Scientists used to think that once a certain period of lifespan development was passed, the brain stops changing, but later studies of phantom limb pain, spinal cord injuries, and brain damage suggested otherwise. We now know that the brain continues to change throughout the lifespan through what is called brain plasticity or neuroplasticity. Some with brain related injuries are able to recovery with therapy, so it should be no surprise that drug addicts are also capable of rewiring their brain with help from treatment programs to the way their brain was before they started using.
New Scientific Studies on Neuroplasticity
Research has shown that the Central Nervous System (CNS) is able to adapt the changes in the brain, spinal cord, or external environment in a process called remodeling. This process has been used in therapies for poor health conditions like phantom limb pain, stroke, traumatic brain injuries, and spinal cord damage. None of this would be possible if the old view that the brain does not change past a certain age were true.
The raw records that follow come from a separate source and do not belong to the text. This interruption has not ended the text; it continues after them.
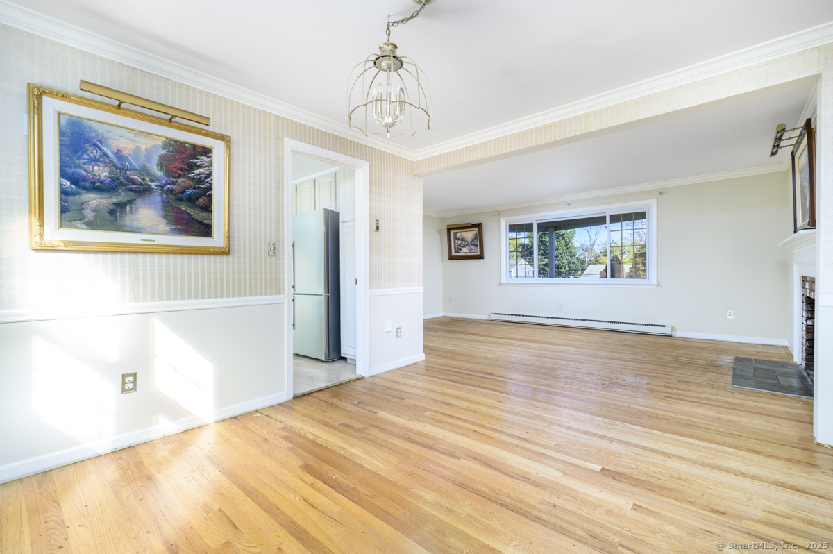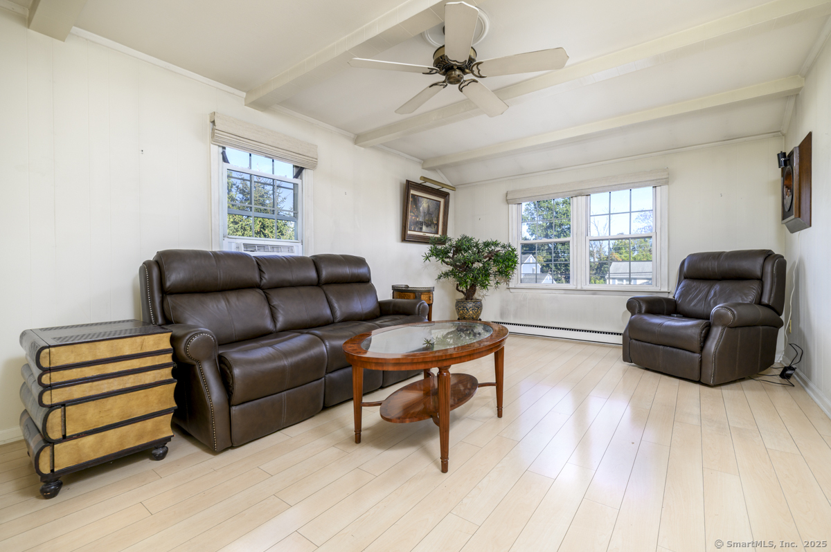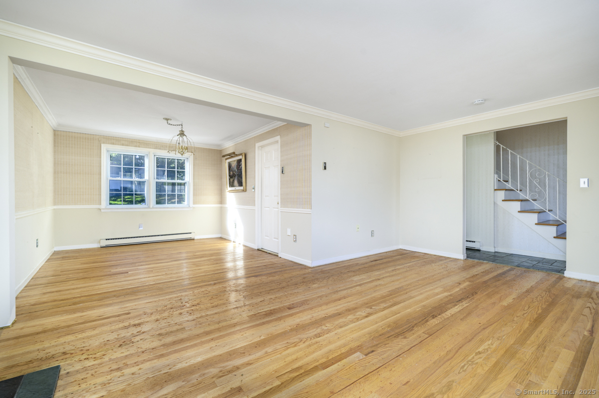 Tucked away on a quiet cul-de-sac, this beautifully maintained home has been lovingly cared for by the same family for many years. Its inviting warmth and ideal location make it a rare find in one of Stamford's most convenient neighborhoods. Just a few blocks from the popular Newfield Green Shopping Center, with easy access to bus lines, Sterling Farms Golf Course, the JCC, Italian Center, and the Springdale Train Station. Downtown Stamford, the main train station, and I-95 are all just minutes away. Inside, sunlight highlights gleaming hardwood floors throughout (even under the carpets). The spacious living and dining room combination features a charming wood-burning fireplace - perfect for relaxing or entertaining. The updated kitchen includes an adjacent laundry room and an oversized pantry offering exceptional storage. The primary bedroom suite features a full bath with a stall shower. A beautiful backyard with a private patio provides the perfect setting for outdoor dining and gatherings. The large unfinished basement, with high ceilings, offers tremendous potential to create a playroom, gym, home office, workshop, or creative studio. A wonderful opportunity to own a truly well-loved home in a desirable, convenient Stamford location.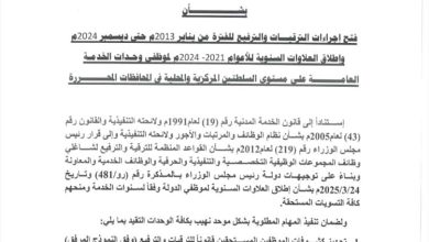 فتح إجراءات الترقية السنوية لموظفي الدولة للاعوام 2013_2024 .. وزارة الخدمة المدنية تقر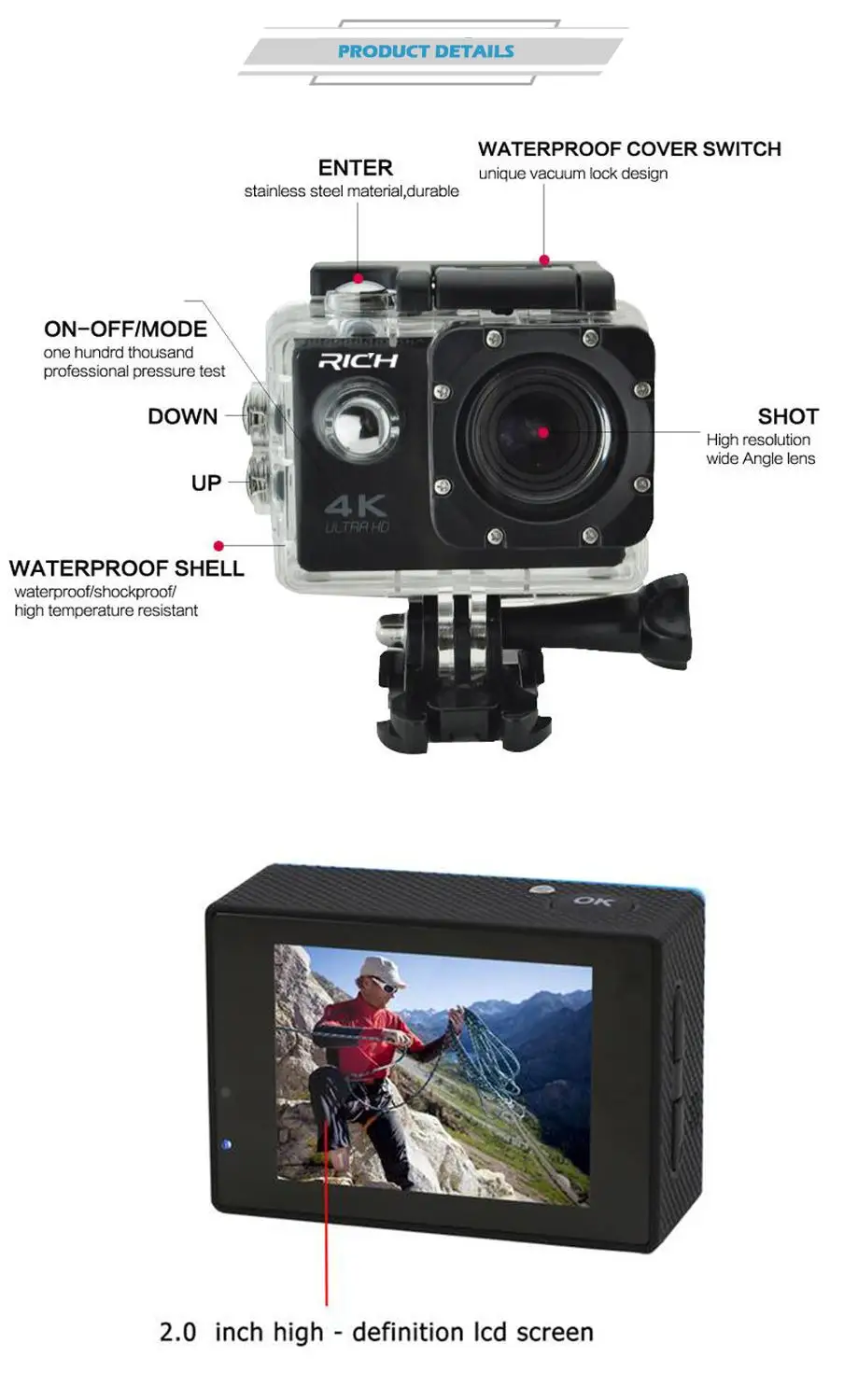 RICH Action camera F60 F60R Ultra HD 4K / 30fps WiFi 2.0" 170D go Helmet Cam pro underwater waterproof Sport camera for youtube :Click Here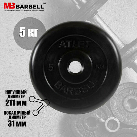 Диски для штанги ATLET 5 кг 31 мм обрезиненный. MB Barbell MB-AtletB31-5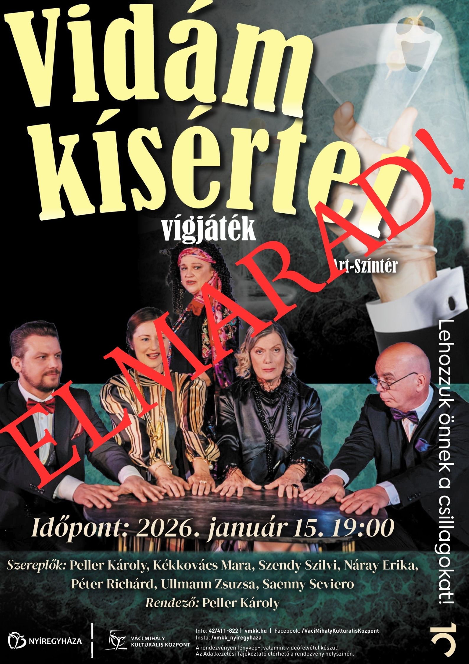 Peller Károly balesete miatt elmarad a Vidám kísértet című előadás 2026. január 15-re meghirdetett időpontja. A szervezők tájékoztatása szerint a megvásárolt jegyek automatikusan érvényesek az április 16-i Jövőre, Veled, Itt! című musicalre, amellyel a nézőknek további teendőjük nincs. Aki nem kíván élni az átfoglalás lehetőségével, január 29-ig válthatja vissza belépőjét. A személyesen vett jegyek árát a jegypénztárban térítik vissza, míg az online vásárolt belépők ellenértékét az Interticket rendszere automatikusan visszautalja a vásárlók részére. A színház és a kulturális központ kéri a közönség megértését a váratlan műsorváltozás miatt.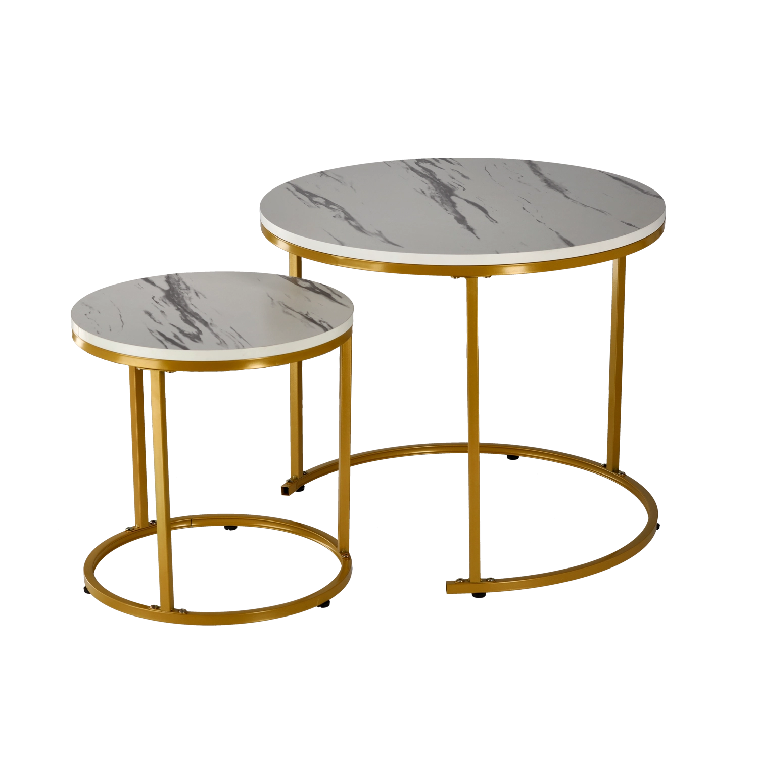 Acest set din două piese impresionează prin blatul alb cu imitație de marmură și baza elegantă aurie. Datorită posibilității inteligente de a introduce măsuța mică sub cea mare, obțineți o suprafață flexibilă pentru cafea, cărți și decorațiuni, fără a pierde spațiu prețios.

Behavioral psychology and neuroscience demonstrate that mere external stimulation alone is enough to alter the internal circuits that make up the brain, which make up our thoughts and behaviors. If the brain did not change based on our constantly changing environment, then we would be unable to learn anything and without learning, we would not survive. We would never learn to avoid fire because it burns us or that certain animals are dangerous and should not be approached.
Recent studies have shown that brain damage from a stroke, neurodegenerative disease, spinal cord injury, and brain injury can be healed by a nonrestorative agent called EPO. EPO works in the way you would expect based on what has been discussed, by increasing neuroplasticity. Cell-based therapies on lab animals have led to axon growth and extension through stimulation. Axon growth is essential for neurons to communicate with each other.
This means that physical therapy and drug rehab techniques that use stimulation should be able to induce changes in the brain that could lead to healing.
How Drugs Affect Neuroplasticity
Prolonged drug use can lead to a dependence or addiction to the drug. Part of what sustains addiction is how the brain changes after repeated drug use. The process of becoming addicted to a substance is the same thing as learning because when we learn something new, we are often pairing two stimuli together. For example, we pair the color green with the response to go to learn that green means go at stoplights.
When someone takes a drug, they pair the pleasurable experience of the drug with using the drug and this often generalizes to other things related to the drug like the location the drug is taken. The parts of the brain that change with addiction are involved in decision-making, regulating stress, regulating rewards, memory function, and emotions. This is why many treatment programs use learning techniques to help the user unlearn their addictive behaviors.
The primary reason these other brain areas are affected is because the addict cannot just stop using the drug. There is a reward pathway in the brain that uses dopamine to induce pleasure throughout the body and drugs activate that path excessively compared to most other stimuli. Over time, the brain says that since it is getting so much of the drug, there is no need to have as many receptors for the drug and tolerance results.
Tolerance, the experience of reduced effects of a drug, is the first major stage of neuroplasticity from drug use. Compulsive drug-seeking behavior is the next stage of plasticity and is what causes the person to crave drugs after being reminded of the drug by an associated drug-using cue.
The good news you should take from all this is that while the first steps of drug rehab seem impossible, addiction is not permanent because the brain is capable of changing back to its original state.
How Treatment Reinforces Neuroplasticity for Healing
Using addictive substances reinforces drug using behaviors like cravings and feeling drained if you do not take the drug. Drug rehab works by using different learning techniques to remodel your brains drug habits with new habits. This process takes a long time and is a painful transition because you are literally attempting to destroy habitual neuron connections in your brain while simultaneously trying to form new connections for abstinence.
These techniques have advanced over the years. One of those advancements is biofeedback, a therapy that involves hooking wires to the head to read brain activity so the person can change their brain activity in real time. What makes this treatment work well is the way biofeedback targets frontal cortex control. During addiction, a person’s ability to inhibit their cravings is greatly diminished.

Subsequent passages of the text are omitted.